I woke up the morning after completing my 100+ mile ultra-marathon to sound of the alarm on my phone. It was still set for 5:35 AM, the time I’d woken to get ready for the fourth day of running. I got out of bed and finding it hard to walk I hobbled to my phone to switch off the alarm.
Before getting back into bed I decided to go to the bathroom. At this point I was overcome by the pain in my feet (perhaps mixed with some exhaustion) and promptly collapsed on the bathroom floor. When my wife got me conscious again I had no idea how I got there and she called 999.
I managed to make it back to bed and then the paramedic arrived. Checking my pulse, blood pressure and connecting me to an ECG he was concerned by how low my blood pressure was, especially when he asked me to stand. I was promptly put in an ambulance and on my way to hospital.

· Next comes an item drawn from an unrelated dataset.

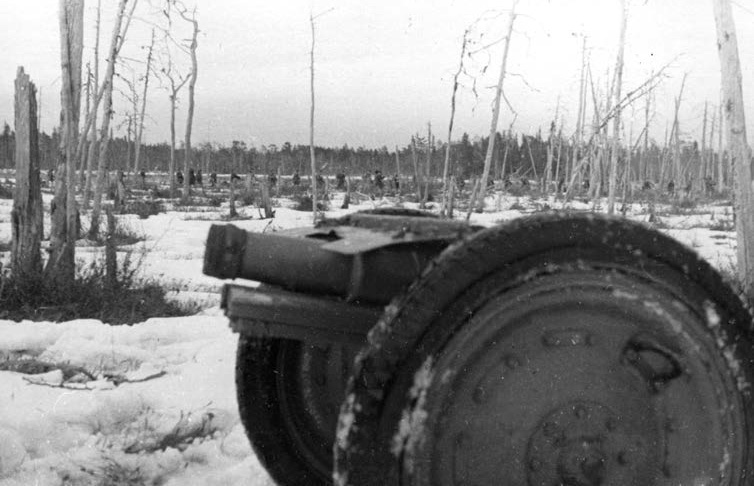 Второго сентября 1942 года дивизия прорывала блокаду в районе поселка Ивановское под Усть-Тосно, в так называемой Долине смерти. Мы заняли исходные позиции, пехота выкопала траншеи метрах в 100 от проволочных заграждений. До окопов противника оставалось 100–150 метров. Мы тоже подкатили свою пушку вплотную к пехоте. Саперы сняли минные поля. Наступление должно было начаться в 8 часов утра, пока туман еще не поднялся, после артподготовки, которая должна была длиться около двух часов. Не знаю, по какой причине, но артподготовка началась с опозданием на час-полтора. К этому времени туман поднялся, и немец, заметив сосредоточенную к атаке пехоту, открыл шквальный огонь. В траншеях кровь, мясо. Ужас! Мы два часа сидим, нас бьют. Когда прошла скомканная артподготовка, пехота пошла вперед, но потери в ее рядах уже были огромными. В итоге прорыва не получилось, и мы увязли в позиционных боях, продвигаясь в день на 200–300 метров. Местность полуболотистая, полупесчаная. Передвигались по-пластунски. Винтовки не стреляют – забиты песком и грязью. В долине стояло разбитое огромное серое бетонное здание, от которого тянулась железнодорожная насыпь. Пехота гранатами немцев закидает – они с этой насыпи скатываются, мы ее занимаем. У нас гранаты кончились, они нас сбрасывают. Эта насыпь неоднократно переходила из рук в руки. Потери огромные… Но полк наступал. На каком-то участке прорвались на километр, полтора. Пушку толкали прямо за боевыми порядками пехоты. Тут налетели Ю-87, бомба разорвалась у левого колеса орудия. В живых остался я, троих ранило, из них передвигаться мог только один, а остальные, в том числе и Саша Клевцов, погибли. В это время с правой стороны поднялась группа немцев, чтобы ударить во фланг роте, которую я поддерживал. Рота! Это мы сейчас большими категориями рассуждаем: армия, дивизия, полк, батальон. А у нас в батальоне оставалось 100 человек вместо 500, а в роте 20. У немцев тоже, наверное, рота поднялась, но и в ней было не более 30–50 солдат. Пушка моя – сзади. Что делать? У пушки были разбиты панорама и колесо, но стрелять она еще могла. Откуда-то взялись силы. Я пушку за хобот развернул, и мы эту пехоту уложили, выпустив по ней остаток снарядов, штук десять, наверное. Побили не всех, конечно, но главное, они от атаки отказались. Симоняк потом сказал: «Вот ведь Шишкин! Опять у него все получилось. Отбил атаку». А я потом сутки отлеживался, приходил в себя – меня знобило. Потом я принял вторую пушку, и с этой пушкой мы продвигались вперед. Ее тоже покалечило при бомбежке.
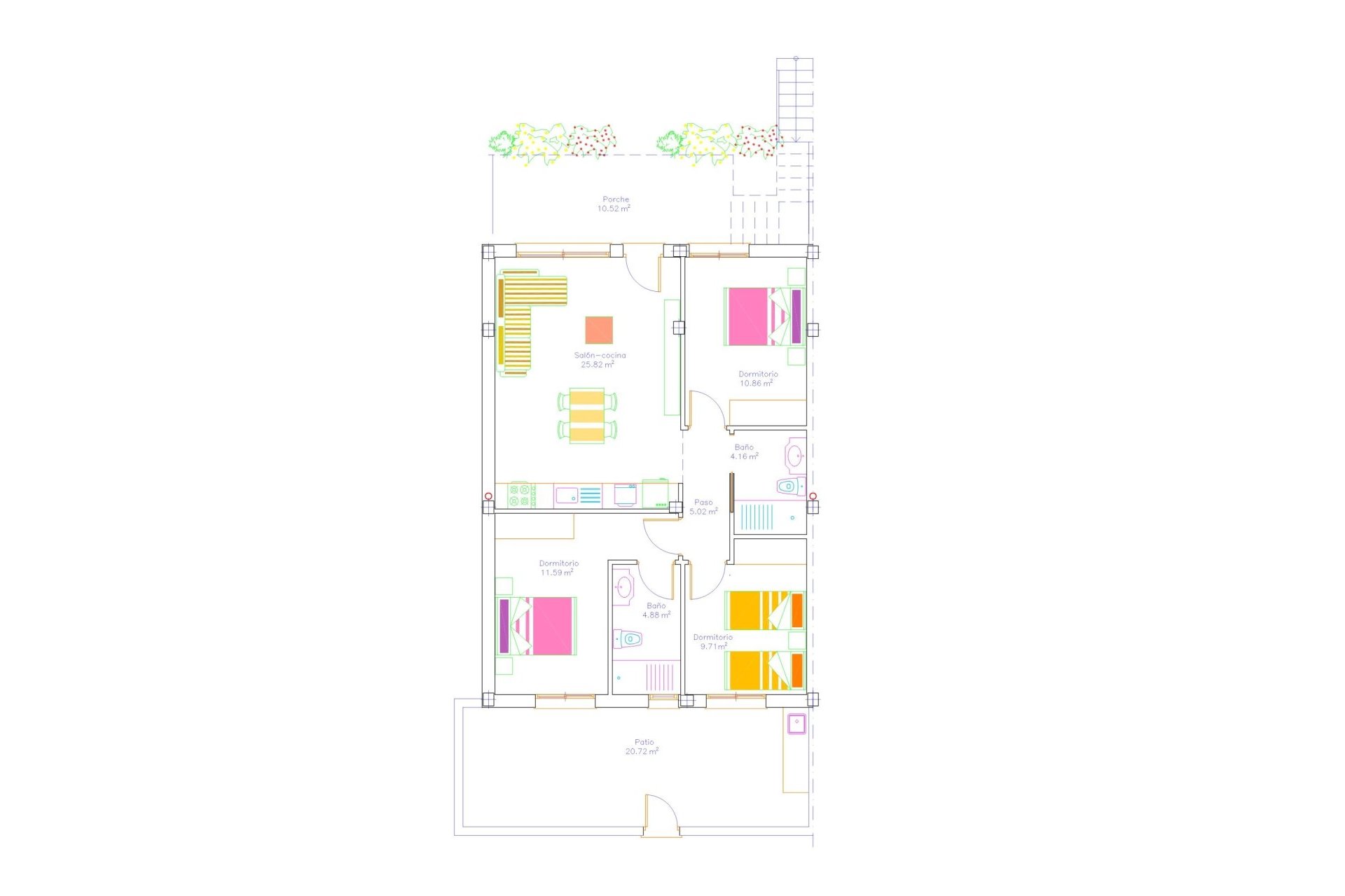 El interior de los bungalows está diseñado con un enfoque en la calidad y la comodidad. Los suelos de gres porcelánico aportan un toque de elegancia y son fáciles de mantener, ideales para el estilo de vida moderno. La cocina está equipada con electrodomésticos, lo que facilita la vida diaria desde el primer día. Los armarios empotrados en los dormitorios ofrecen un amplio espacio de almacenamiento, manteniendo el orden y la organización. Además, la preinstalación de aire acondicionado asegura que el hogar se mantenga fresco durante los meses más cálidos, proporcionando un ambiente confortable en todo momento.

Whilst several of the medical staff were concerned by my low readings the consultant who came to check me over advised his team that my low resting heart rate and blood pressure were actually normal for an athlete. AN ATHLETE, OMG!!! I AM AN ATHLETE!!!!
The hospital put me on a drip and gave me a litre of saline just to make sure I was fully hydrated, took some bloods that all came back ok, checked my urine and then let me come home, having confirmed that having been in heart attack territory a few years ago I am now a fit athlete. That’s the power of juicing!!
(Oh, and the consultant has already been checking out my website with view to improving his own health and weight too).